[Recorded data]
————————

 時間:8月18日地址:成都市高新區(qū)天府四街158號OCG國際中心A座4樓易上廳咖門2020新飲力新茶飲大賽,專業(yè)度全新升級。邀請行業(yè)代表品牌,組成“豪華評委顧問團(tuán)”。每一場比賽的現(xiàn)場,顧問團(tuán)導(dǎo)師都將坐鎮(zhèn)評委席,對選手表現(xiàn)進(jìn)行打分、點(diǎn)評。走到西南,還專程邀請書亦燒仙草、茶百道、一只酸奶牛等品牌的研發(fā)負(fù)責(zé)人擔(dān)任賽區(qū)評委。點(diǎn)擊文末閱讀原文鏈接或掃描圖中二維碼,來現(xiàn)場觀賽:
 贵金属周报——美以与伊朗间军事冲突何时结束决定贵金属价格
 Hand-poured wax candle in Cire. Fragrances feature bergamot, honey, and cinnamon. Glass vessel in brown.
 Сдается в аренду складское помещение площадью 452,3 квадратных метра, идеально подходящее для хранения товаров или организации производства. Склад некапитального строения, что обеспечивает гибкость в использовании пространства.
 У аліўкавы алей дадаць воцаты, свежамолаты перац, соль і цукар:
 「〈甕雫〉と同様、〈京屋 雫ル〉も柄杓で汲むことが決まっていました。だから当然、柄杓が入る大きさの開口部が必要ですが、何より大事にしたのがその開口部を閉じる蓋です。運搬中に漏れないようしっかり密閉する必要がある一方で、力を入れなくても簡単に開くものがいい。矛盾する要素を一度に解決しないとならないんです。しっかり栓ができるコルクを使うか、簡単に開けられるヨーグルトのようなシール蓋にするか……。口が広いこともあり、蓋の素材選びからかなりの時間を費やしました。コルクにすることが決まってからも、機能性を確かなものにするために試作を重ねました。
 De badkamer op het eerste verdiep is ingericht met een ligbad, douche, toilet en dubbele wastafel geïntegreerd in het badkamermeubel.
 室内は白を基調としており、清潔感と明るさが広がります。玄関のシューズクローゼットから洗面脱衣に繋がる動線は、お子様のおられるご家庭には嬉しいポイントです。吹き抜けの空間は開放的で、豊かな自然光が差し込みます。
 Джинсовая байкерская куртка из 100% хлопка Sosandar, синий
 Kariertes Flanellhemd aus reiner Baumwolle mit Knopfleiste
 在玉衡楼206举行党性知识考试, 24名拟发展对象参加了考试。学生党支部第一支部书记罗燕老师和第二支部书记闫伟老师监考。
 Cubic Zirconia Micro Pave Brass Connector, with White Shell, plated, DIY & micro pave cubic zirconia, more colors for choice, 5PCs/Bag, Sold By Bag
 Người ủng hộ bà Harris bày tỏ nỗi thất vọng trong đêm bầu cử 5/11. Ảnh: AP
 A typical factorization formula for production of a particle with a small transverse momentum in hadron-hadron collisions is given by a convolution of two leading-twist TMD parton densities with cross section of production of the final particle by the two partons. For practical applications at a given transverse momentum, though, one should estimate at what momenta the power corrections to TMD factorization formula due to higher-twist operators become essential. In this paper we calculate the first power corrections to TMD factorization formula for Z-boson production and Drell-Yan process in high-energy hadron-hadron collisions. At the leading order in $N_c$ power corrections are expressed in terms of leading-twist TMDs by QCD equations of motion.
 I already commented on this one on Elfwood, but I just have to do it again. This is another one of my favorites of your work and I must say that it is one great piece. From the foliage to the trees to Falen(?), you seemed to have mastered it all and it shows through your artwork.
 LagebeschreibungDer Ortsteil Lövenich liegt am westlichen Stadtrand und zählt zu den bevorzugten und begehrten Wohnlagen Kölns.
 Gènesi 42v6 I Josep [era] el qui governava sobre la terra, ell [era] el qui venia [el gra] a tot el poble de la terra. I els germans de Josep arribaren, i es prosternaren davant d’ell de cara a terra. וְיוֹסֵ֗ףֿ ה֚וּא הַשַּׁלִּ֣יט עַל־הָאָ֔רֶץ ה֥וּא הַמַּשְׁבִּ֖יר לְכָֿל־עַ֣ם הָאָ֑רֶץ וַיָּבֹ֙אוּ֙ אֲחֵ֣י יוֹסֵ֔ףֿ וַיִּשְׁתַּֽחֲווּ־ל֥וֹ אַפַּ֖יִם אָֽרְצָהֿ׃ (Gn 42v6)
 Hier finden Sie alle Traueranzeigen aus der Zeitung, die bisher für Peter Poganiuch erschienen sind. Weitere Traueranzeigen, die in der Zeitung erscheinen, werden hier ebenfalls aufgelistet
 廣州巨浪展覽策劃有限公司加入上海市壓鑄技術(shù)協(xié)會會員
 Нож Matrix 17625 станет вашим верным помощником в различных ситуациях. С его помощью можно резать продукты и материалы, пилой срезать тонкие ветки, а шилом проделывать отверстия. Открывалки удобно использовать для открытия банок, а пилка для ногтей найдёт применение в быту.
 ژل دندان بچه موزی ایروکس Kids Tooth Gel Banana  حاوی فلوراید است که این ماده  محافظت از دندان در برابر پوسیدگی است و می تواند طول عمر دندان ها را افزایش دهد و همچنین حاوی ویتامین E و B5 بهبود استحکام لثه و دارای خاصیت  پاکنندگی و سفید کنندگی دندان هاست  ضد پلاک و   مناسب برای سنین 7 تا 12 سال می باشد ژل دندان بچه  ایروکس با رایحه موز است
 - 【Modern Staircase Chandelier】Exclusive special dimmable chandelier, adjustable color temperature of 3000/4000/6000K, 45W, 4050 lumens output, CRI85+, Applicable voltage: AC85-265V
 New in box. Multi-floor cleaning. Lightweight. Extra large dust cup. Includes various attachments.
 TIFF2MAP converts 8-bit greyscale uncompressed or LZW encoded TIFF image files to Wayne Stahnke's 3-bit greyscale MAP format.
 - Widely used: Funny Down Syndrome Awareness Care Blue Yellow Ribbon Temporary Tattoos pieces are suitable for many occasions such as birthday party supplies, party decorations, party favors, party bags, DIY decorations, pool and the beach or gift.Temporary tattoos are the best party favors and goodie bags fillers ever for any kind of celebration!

————————

What the exercise asks :: Write out every record, exactly as written.

Response to the task ::
 時間:8月18日地址:成都市高新區(qū)天府四街158號OCG國際中心A座4樓易上廳咖門2020新飲力新茶飲大賽,專業(yè)度全新升級。邀請行業(yè)代表品牌,組成“豪華評委顧問團(tuán)”。每一場比賽的現(xiàn)場,顧問團(tuán)導(dǎo)師都將坐鎮(zhèn)評委席,對選手表現(xiàn)進(jìn)行打分、點(diǎn)評。走到西南,還專程邀請書亦燒仙草、茶百道、一只酸奶牛等品牌的研發(fā)負(fù)責(zé)人擔(dān)任賽區(qū)評委。點(diǎn)擊文末閱讀原文鏈接或掃描圖中二維碼,來現(xiàn)場觀賽:
 贵金属周报——美以与伊朗间军事冲突何时结束决定贵金属价格
 Hand-poured wax candle in Cire. Fragrances feature bergamot, honey, and cinnamon. Glass vessel in brown.
 Сдается в аренду складское помещение площадью 452,3 квадратных метра, идеально подходящее для хранения товаров или организации производства. Склад некапитального строения, что обеспечивает гибкость в использовании пространства.
 У аліўкавы алей дадаць воцаты, свежамолаты перац, соль і цукар:
 「〈甕雫〉と同様、〈京屋 雫ル〉も柄杓で汲むことが決まっていました。だから当然、柄杓が入る大きさの開口部が必要ですが、何より大事にしたのがその開口部を閉じる蓋です。運搬中に漏れないようしっかり密閉する必要がある一方で、力を入れなくても簡単に開くものがいい。矛盾する要素を一度に解決しないとならないんです。しっかり栓ができるコルクを使うか、簡単に開けられるヨーグルトのようなシール蓋にするか……。口が広いこともあり、蓋の素材選びからかなりの時間を費やしました。コルクにすることが決まってからも、機能性を確かなものにするために試作を重ねました。
 De badkamer op het eerste verdiep is ingericht met een ligbad, douche, toilet en dubbele wastafel geïntegreerd in het badkamermeubel.
 室内は白を基調としており、清潔感と明るさが広がります。玄関のシューズクローゼットから洗面脱衣に繋がる動線は、お子様のおられるご家庭には嬉しいポイントです。吹き抜けの空間は開放的で、豊かな自然光が差し込みます。
 Джинсовая байкерская куртка из 100% хлопка Sosandar, синий
 Kariertes Flanellhemd aus reiner Baumwolle mit Knopfleiste
 在玉衡楼206举行党性知识考试, 24名拟发展对象参加了考试。学生党支部第一支部书记罗燕老师和第二支部书记闫伟老师监考。
 Cubic Zirconia Micro Pave Brass Connector, with White Shell, plated, DIY & micro pave cubic zirconia, more colors for choice, 5PCs/Bag, Sold By Bag
 Người ủng hộ bà Harris bày tỏ nỗi thất vọng trong đêm bầu cử 5/11. Ảnh: AP
 A typical factorization formula for production of a particle with a small transverse momentum in hadron-hadron collisions is given by a convolution of two leading-twist TMD parton densities with cross section of production of the final particle by the two partons. For practical applications at a given transverse momentum, though, one should estimate at what momenta the power corrections to TMD factorization formula due to higher-twist operators become essential. In this paper we calculate the first power corrections to TMD factorization formula for Z-boson production and Drell-Yan process in high-energy hadron-hadron collisions. At the leading order in $N_c$ power corrections are expressed in terms of leading-twist TMDs by QCD equations of motion.
 I already commented on this one on Elfwood, but I just have to do it again. This is another one of my favorites of your work and I must say that it is one great piece. From the foliage to the trees to Falen(?), you seemed to have mastered it all and it shows through your artwork.
 LagebeschreibungDer Ortsteil Lövenich liegt am westlichen Stadtrand und zählt zu den bevorzugten und begehrten Wohnlagen Kölns.
 Gènesi 42v6 I Josep [era] el qui governava sobre la terra, ell [era] el qui venia [el gra] a tot el poble de la terra. I els germans de Josep arribaren, i es prosternaren davant d’ell de cara a terra. וְיוֹסֵ֗ףֿ ה֚וּא הַשַּׁלִּ֣יט עַל־הָאָ֔רֶץ ה֥וּא הַמַּשְׁבִּ֖יר לְכָֿל־עַ֣ם הָאָ֑רֶץ וַיָּבֹ֙אוּ֙ אֲחֵ֣י יוֹסֵ֔ףֿ וַיִּשְׁתַּֽחֲווּ־ל֥וֹ אַפַּ֖יִם אָֽרְצָהֿ׃ (Gn 42v6)
 Hier finden Sie alle Traueranzeigen aus der Zeitung, die bisher für Peter Poganiuch erschienen sind. Weitere Traueranzeigen, die in der Zeitung erscheinen, werden hier ebenfalls aufgelistet
 廣州巨浪展覽策劃有限公司加入上海市壓鑄技術(shù)協(xié)會會員
 Нож Matrix 17625 станет вашим верным помощником в различных ситуациях. С его помощью можно резать продукты и материалы, пилой срезать тонкие ветки, а шилом проделывать отверстия. Открывалки удобно использовать для открытия банок, а пилка для ногтей найдёт применение в быту.
 ژل دندان بچه موزی ایروکس Kids Tooth Gel Banana  حاوی فلوراید است که این ماده  محافظت از دندان در برابر پوسیدگی است و می تواند طول عمر دندان ها را افزایش دهد و همچنین حاوی ویتامین E و B5 بهبود استحکام لثه و دارای خاصیت  پاکنندگی و سفید کنندگی دندان هاست  ضد پلاک و   مناسب برای سنین 7 تا 12 سال می باشد ژل دندان بچه  ایروکس با رایحه موز است
 - 【Modern Staircase Chandelier】Exclusive special dimmable chandelier, adjustable color temperature of 3000/4000/6000K, 45W, 4050 lumens output, CRI85+, Applicable voltage: AC85-265V
 New in box. Multi-floor cleaning. Lightweight. Extra large dust cup. Includes various attachments.
 TIFF2MAP converts 8-bit greyscale uncompressed or LZW encoded TIFF image files to Wayne Stahnke's 3-bit greyscale MAP format.
 - Widely used: Funny Down Syndrome Awareness Care Blue Yellow Ribbon Temporary Tattoos pieces are suitable for many occasions such as birthday party supplies, party decorations, party favors, party bags, DIY decorations, pool and the beach or gift.Temporary tattoos are the best party favors and goodie bags fillers ever for any kind of celebration!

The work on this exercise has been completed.